ACTION ITEM
Each line of the material below is to be written out exactly. Leave out any picture.

DATASET CONTENT
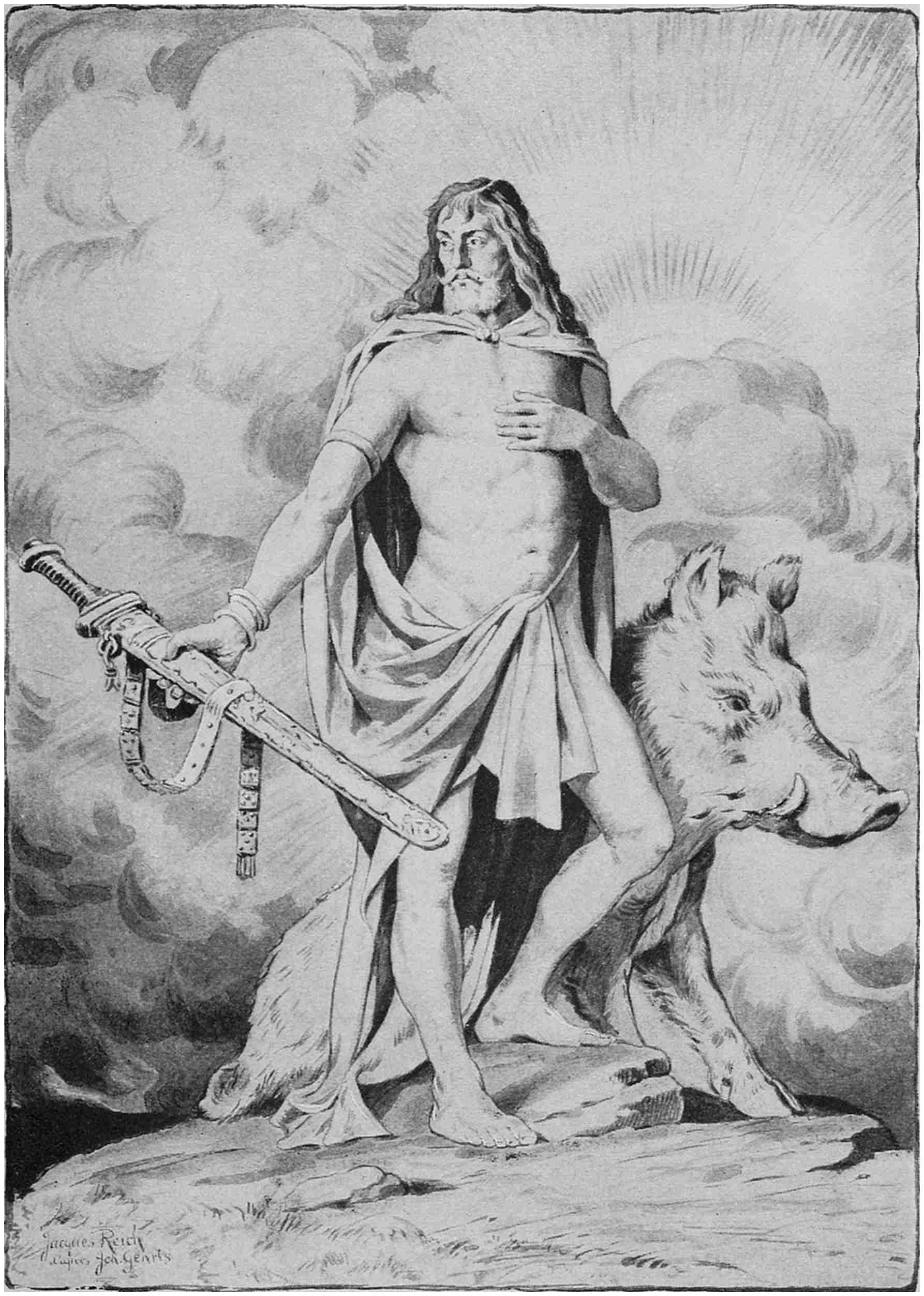 The Northern god of sunshine and summer showers, the genial Frey, has many traits in common with Apollo, for, like him, he is beautiful and young, rides the golden-bristled boar which was the Northern conception of the sunbeams, or drives across the sky in a golden car, which reminds us of Apollo’s glittering chariot.
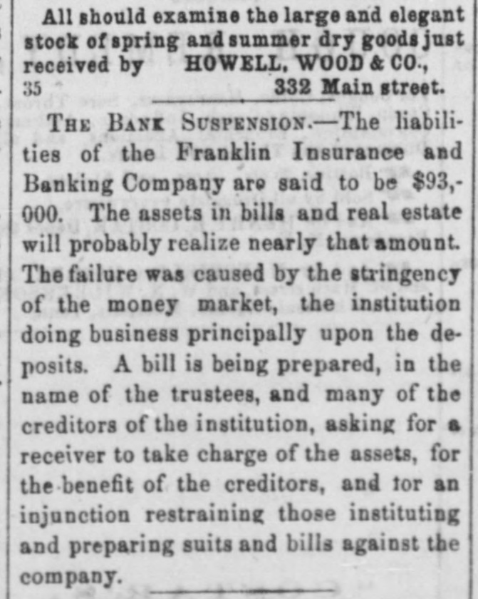 The liabilities of the Franklin Insurance and Banking Company are said to be $93,000. The assets in bills and real estate will probably realize nearly that amount. The failure was caused by the stringency of the money market, the institution doing business principally upon the deposits. A bill is being prepared, in the name of the trustees, and many of the creditors of the institution, asking for a receiver to take charge of the assets, for the benefit of the creditors, and for an injunction restraining those instituting and preparing suits and bills against the company.
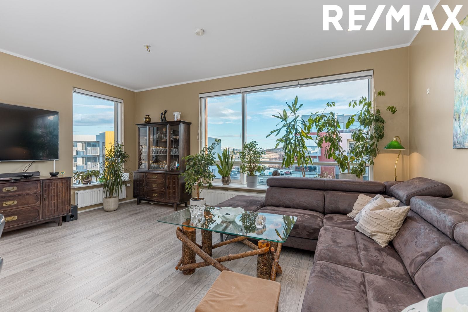 Stofa/borðstofa: Stórt rými þar sem stofa/borðstofa og eldhús eru. Parket á gólfi. Stórir gluggar sem gefa góða birtu í rýmið. Útgengt á stórar svalir sem snúa til austurs.
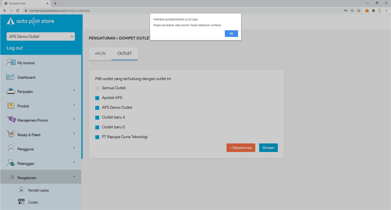 7. Pada Tabulasi Outlet, beri tanda di depan outlet yang terhubung dengan Dompet Outlet atau pilih semua outlet
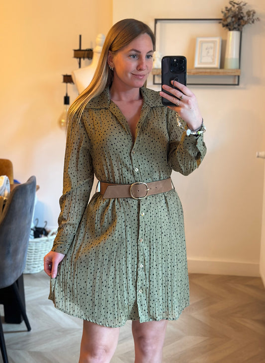 Robe chemise fluide à pois kaki T.34 neuf avec étiquette
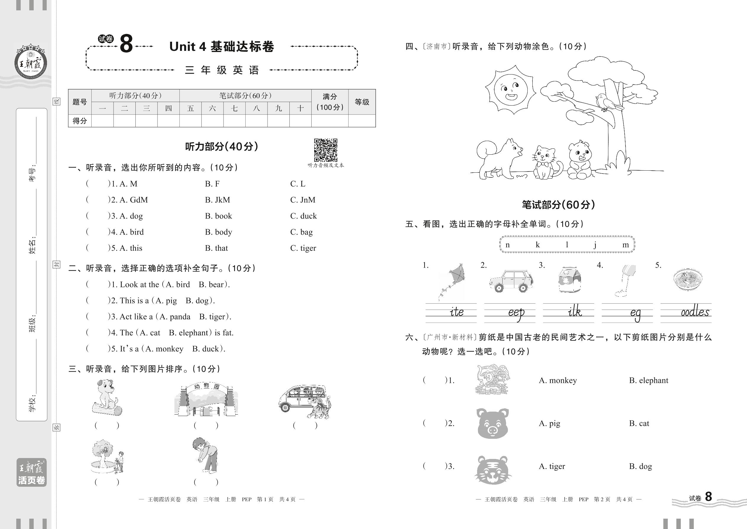 2023上册三年级英语人教PEP版 试卷8 Unit 4 基础达标卷
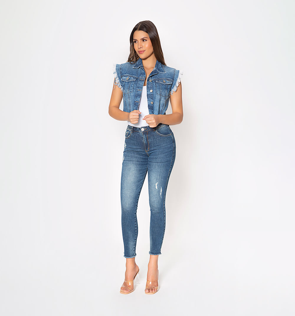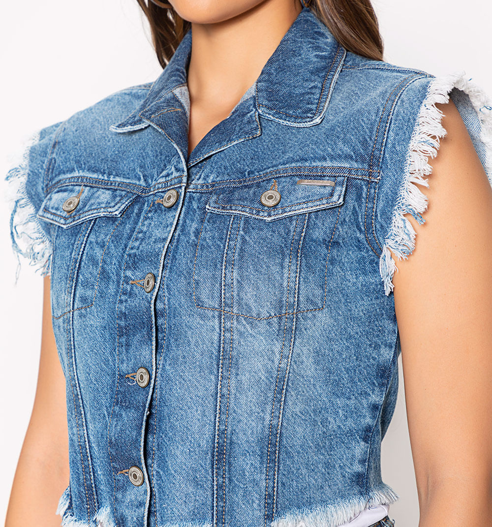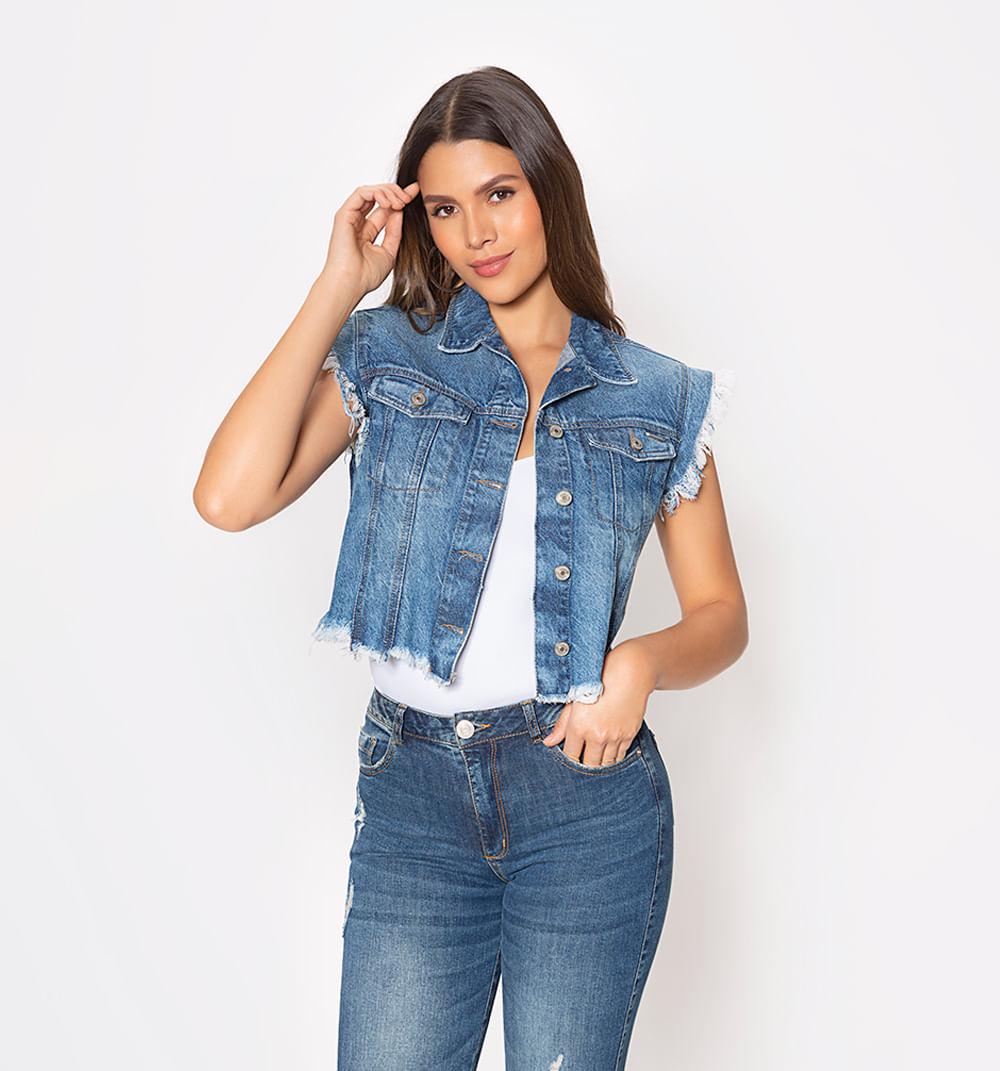 Chaleco Corto Denim Con Mangas Rusticas
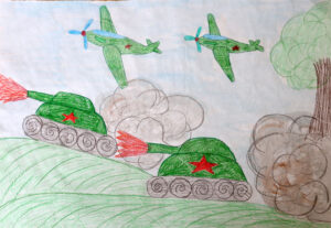 Война глазами детей… Это страшно и по-особому волнительно, хотя понимаешь, что ребенок дает только воображаемый рисунок на основе увиденного в кино, прочитанного в книгах, услышанного в рассказах дедушек и бабушек…
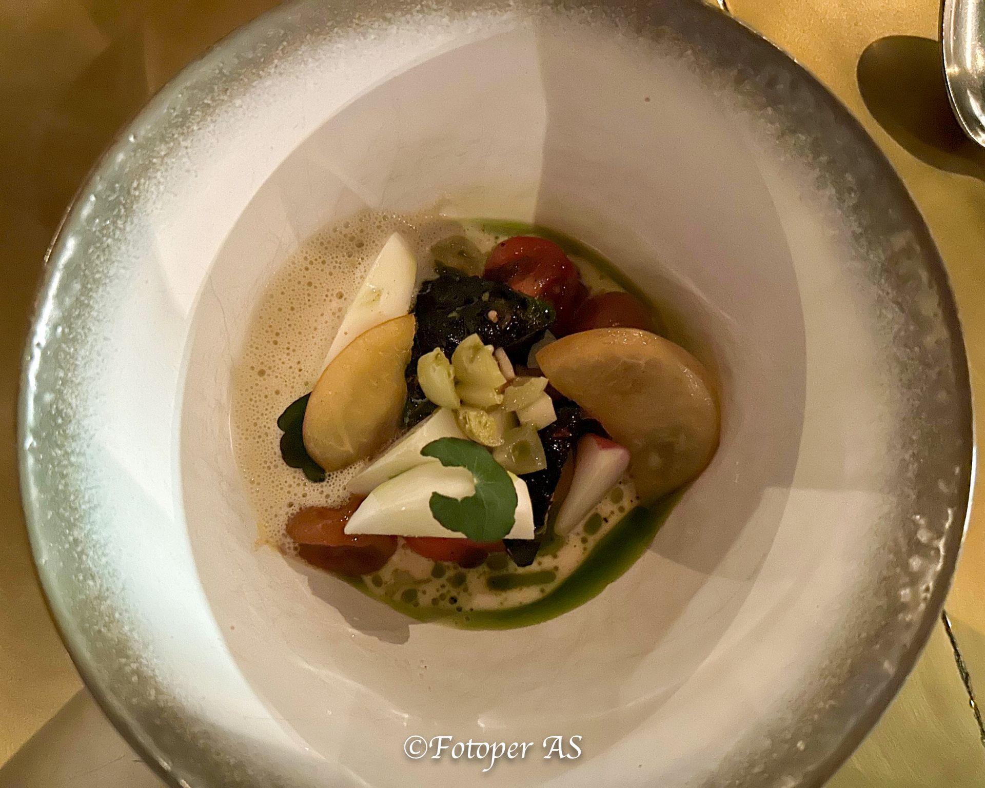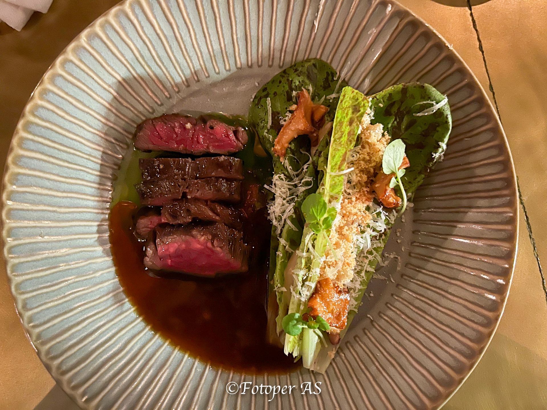 Første rett er tomater med nyperose, grillet squash og agurk, nepe, reddik og bær. Så brenneslepasta med eggeplomme, vellagret parmesan, grillet salat på sukkerter og bacon. Fisk får vi også. Pannestekt sei med velsmakende tilbehør. Som neste rett serveres entrecotè tørrmodnet i egne skap, med bl.a. salat, ansjoskrem, kantareller og oksehalesaus. Til slutt får vi vaffel, steinsopp og brunost. Helt til slutt er det en liten frisk "dessert". Ingen av rettene er så mettende, men når vi har fått i oss alt, er vi gode og mette etter et strålende måltid. Ikke bare måltidet er strålende, det er også atmosfæren og kontakten med kokker og servitører. Musikken er passe høy, og det er så fint å sitte ved et rundt bord for da er det lettere å snakke sammen.
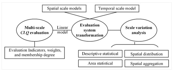 According to the characteristics of different study areas, the corresponding evaluation indicators, indicator weights, and membership degree were selected to evaluate the CLQ in each region. Then, the CLQ evaluation results transformation at multiple scales was carried out, which is divided into two steps:
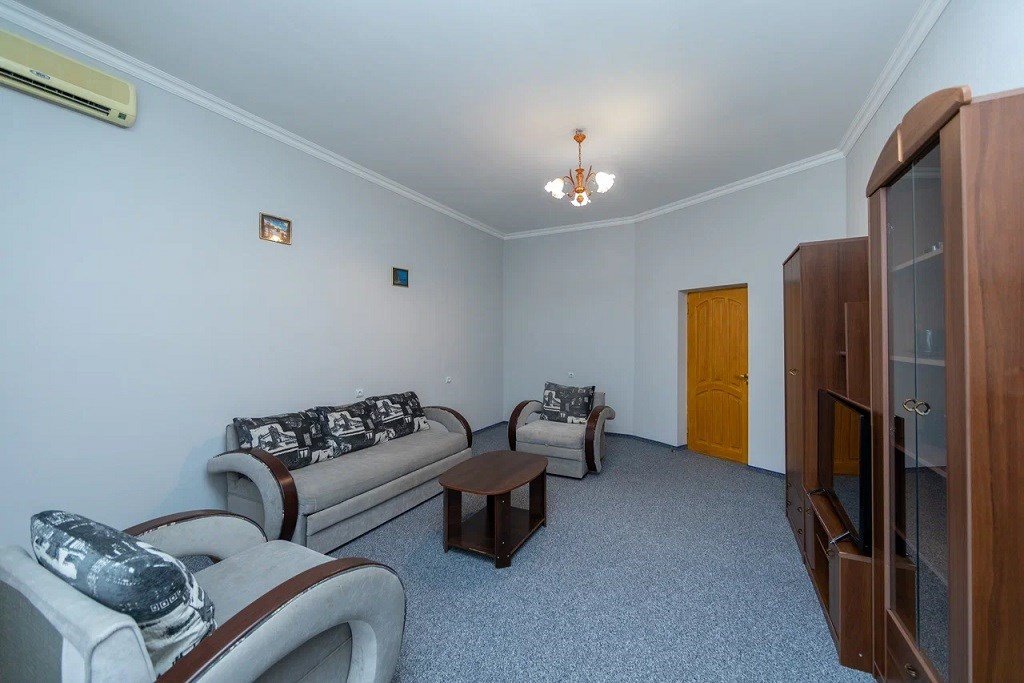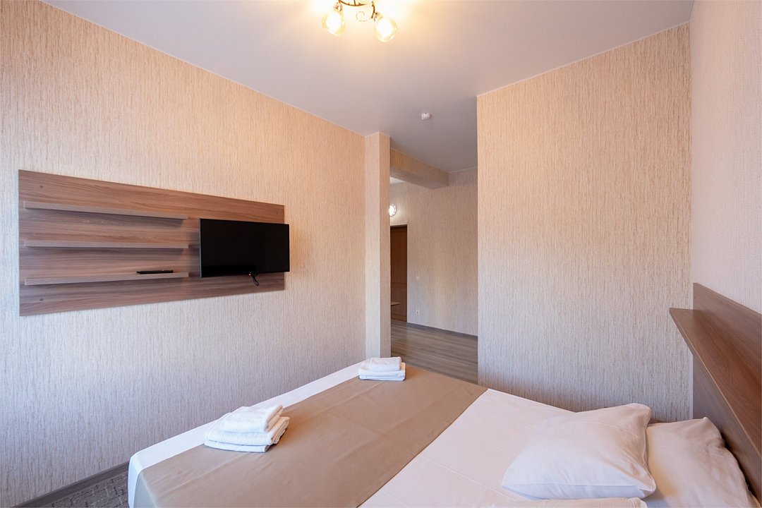 телевизор, Wi-Fi, холодильник, кондиционер, фен, душевая кабина, санузел, банные полотенца, пляжные полотенца, балкон, двуспальная кровать, две односпальные кровати, кресла, тумбы, шкаф для одежды, вешалки, журнальный столик, зеркало, комод, две комнаты, чайный набор, сейф, мягкая мебель, гостиная зона, ковровое покрытие, вид во двор, стаканы, туалетный столик, туалетный столик, туалетные средства, сушилка для белья, диван-кровать, раскладной диван, раскладное креслоВ апартаментах
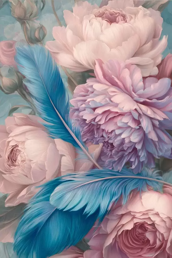 Plakat pióra wśród piwonii f47939
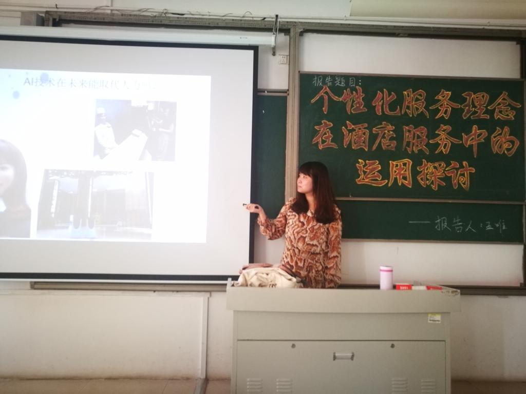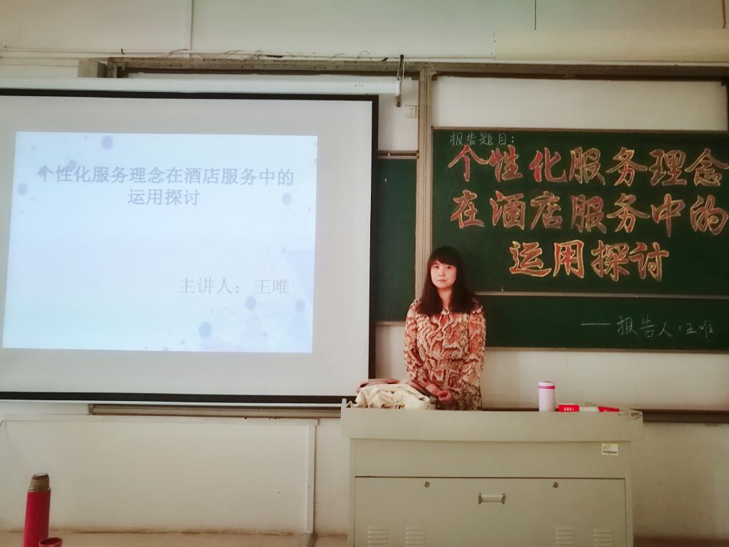 为培养员工的学习兴趣,增长同学们的专业知识,2019年5月8日下午2:30,2138cc太阳集团官网入口在理工楼2408开展了以“个性化服务理念在酒店服务中的运用探讨”为题目的学术报告会,王唯老师为本次报告会的主讲人,酒店管理专业的员工参加此次报告会。
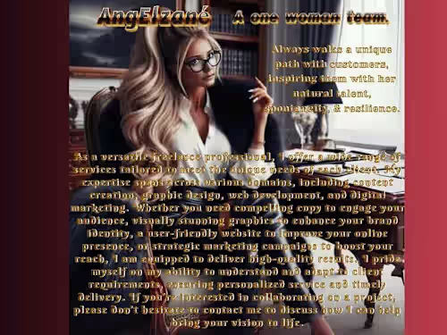 Sent from above, in my one woman team I always walking a unique path with client. With a natural ability to connect with everyone makes business partners for life not just once off. No task is impossible as I take challenges head-on, picking up the whole bull, not just by the horns. I have a passion for my freelance services, inspiring clients with my natural talent, spontaneity, and resilience
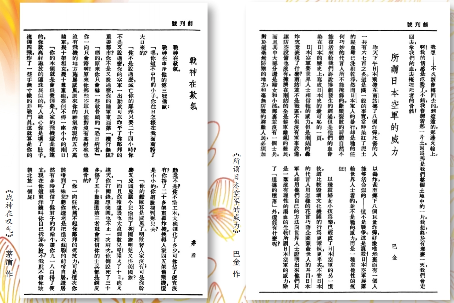 同樣不可忽視的是巴金在《烽火》出版過程中的關(guān)鍵作用。作為《吶喊》和《烽火》的聯(lián)合創(chuàng)刊人之一,巴金不僅全程參與了從《吶喊》到《烽火》的編輯出版工作,更是從《烽火》第六期開始接任了茅盾的主編任務(wù)。在戰(zhàn)火紛飛、出版條件極其困難的情況下,巴金始終堅(jiān)持組稿和撰寫文章,甚至為了確保了刊物的持續(xù)出版,他隨身攜帶未刊稿件,輾轉(zhuǎn)于中國南方地區(qū)躲避戰(zhàn)爭并隨時(shí)尋找機(jī)會進(jìn)行刊印。巴金的文學(xué)創(chuàng)作一直以直面現(xiàn)實(shí)、情感熾烈和附有批判性而著稱,在為刊物供稿的過程中,他將個(gè)人情感與民族命運(yùn)緊密結(jié)合,用文字向社會傳達(dá)了人民的處境和心聲。1937年8月28日,日軍轟炸上海南站,造成大量平民傷亡,巴金憤慨萬分,提筆撰寫了《所謂日本空軍的威力》一文發(fā)表在《烽火》上,嚴(yán)詞譴責(zé)日軍:“這不是戰(zhàn)爭,這是謀殺!日本空軍展露給世界人士看的,并不是它的威力,而是一種虐他性的瘋狂!”他將日軍稱為“一群沒有理性的渴血生物”,以此來表達(dá)他作為中國人的憤怒和作為一名作家的良知。據(jù)重慶師范大學(xué)統(tǒng)計(jì),巴金先后在《吶喊》與《烽火》上發(fā)表各類作品30余篇,體裁涵蓋雜文、小說、詩歌與譯作,是《吶喊》和《烽火》供稿最多、影響最大的核心作者之一。

SOLVED EXERCISE
 The Northern god of sunshine and summer showers, the genial Frey, has many traits in common with Apollo, for, like him, he is beautiful and young, rides the golden-bristled boar which was the Northern conception of the sunbeams, or drives across the sky in a golden car, which reminds us of Apollo’s glittering chariot.
 The liabilities of the Franklin Insurance and Banking Company are said to be $93,000. The assets in bills and real estate will probably realize nearly that amount. The failure was caused by the stringency of the money market, the institution doing business principally upon the deposits. A bill is being prepared, in the name of the trustees, and many of the creditors of the institution, asking for a receiver to take charge of the assets, for the benefit of the creditors, and for an injunction restraining those instituting and preparing suits and bills against the company.
 Stofa/borðstofa: Stórt rými þar sem stofa/borðstofa og eldhús eru. Parket á gólfi. Stórir gluggar sem gefa góða birtu í rýmið. Útgengt á stórar svalir sem snúa til austurs.
 7. Pada Tabulasi Outlet, beri tanda di depan outlet yang terhubung dengan Dompet Outlet atau pilih semua outlet
 Robe chemise fluide à pois kaki T.34 neuf avec étiquette
 2023上册三年级英语人教PEP版 试卷8 Unit 4 基础达标卷
 Chaleco Corto Denim Con Mangas Rusticas
 Война глазами детей… Это страшно и по-особому волнительно, хотя понимаешь, что ребенок дает только воображаемый рисунок на основе увиденного в кино, прочитанного в книгах, услышанного в рассказах дедушек и бабушек…
 Første rett er tomater med nyperose, grillet squash og agurk, nepe, reddik og bær. Så brenneslepasta med eggeplomme, vellagret parmesan, grillet salat på sukkerter og bacon. Fisk får vi også. Pannestekt sei med velsmakende tilbehør. Som neste rett serveres entrecotè tørrmodnet i egne skap, med bl.a. salat, ansjoskrem, kantareller og oksehalesaus. Til slutt får vi vaffel, steinsopp og brunost. Helt til slutt er det en liten frisk "dessert". Ingen av rettene er så mettende, men når vi har fått i oss alt, er vi gode og mette etter et strålende måltid. Ikke bare måltidet er strålende, det er også atmosfæren og kontakten med kokker og servitører. Musikken er passe høy, og det er så fint å sitte ved et rundt bord for da er det lettere å snakke sammen.
 According to the characteristics of different study areas, the corresponding evaluation indicators, indicator weights, and membership degree were selected to evaluate the CLQ in each region. Then, the CLQ evaluation results transformation at multiple scales was carried out, which is divided into two steps:
 телевизор, Wi-Fi, холодильник, кондиционер, фен, душевая кабина, санузел, банные полотенца, пляжные полотенца, балкон, двуспальная кровать, две односпальные кровати, кресла, тумбы, шкаф для одежды, вешалки, журнальный столик, зеркало, комод, две комнаты, чайный набор, сейф, мягкая мебель, гостиная зона, ковровое покрытие, вид во двор, стаканы, туалетный столик, туалетный столик, туалетные средства, сушилка для белья, диван-кровать, раскладной диван, раскладное креслоВ апартаментах
 Plakat pióra wśród piwonii f47939
 为培养员工的学习兴趣,增长同学们的专业知识,2019年5月8日下午2:30,2138cc太阳集团官网入口在理工楼2408开展了以“个性化服务理念在酒店服务中的运用探讨”为题目的学术报告会,王唯老师为本次报告会的主讲人,酒店管理专业的员工参加此次报告会。
 Sent from above, in my one woman team I always walking a unique path with client. With a natural ability to connect with everyone makes business partners for life not just once off. No task is impossible as I take challenges head-on, picking up the whole bull, not just by the horns. I have a passion for my freelance services, inspiring clients with my natural talent, spontaneity, and resilience
 同樣不可忽視的是巴金在《烽火》出版過程中的關(guān)鍵作用。作為《吶喊》和《烽火》的聯(lián)合創(chuàng)刊人之一,巴金不僅全程參與了從《吶喊》到《烽火》的編輯出版工作,更是從《烽火》第六期開始接任了茅盾的主編任務(wù)。在戰(zhàn)火紛飛、出版條件極其困難的情況下,巴金始終堅(jiān)持組稿和撰寫文章,甚至為了確保了刊物的持續(xù)出版,他隨身攜帶未刊稿件,輾轉(zhuǎn)于中國南方地區(qū)躲避戰(zhàn)爭并隨時(shí)尋找機(jī)會進(jìn)行刊印。巴金的文學(xué)創(chuàng)作一直以直面現(xiàn)實(shí)、情感熾烈和附有批判性而著稱,在為刊物供稿的過程中,他將個(gè)人情感與民族命運(yùn)緊密結(jié)合,用文字向社會傳達(dá)了人民的處境和心聲。1937年8月28日,日軍轟炸上海南站,造成大量平民傷亡,巴金憤慨萬分,提筆撰寫了《所謂日本空軍的威力》一文發(fā)表在《烽火》上,嚴(yán)詞譴責(zé)日軍:“這不是戰(zhàn)爭,這是謀殺!日本空軍展露給世界人士看的,并不是它的威力,而是一種虐他性的瘋狂!”他將日軍稱為“一群沒有理性的渴血生物”,以此來表達(dá)他作為中國人的憤怒和作為一名作家的良知。據(jù)重慶師范大學(xué)統(tǒng)計(jì),巴金先后在《吶喊》與《烽火》上發(fā)表各類作品30余篇,體裁涵蓋雜文、小說、詩歌與譯作,是《吶喊》和《烽火》供稿最多、影響最大的核心作者之一。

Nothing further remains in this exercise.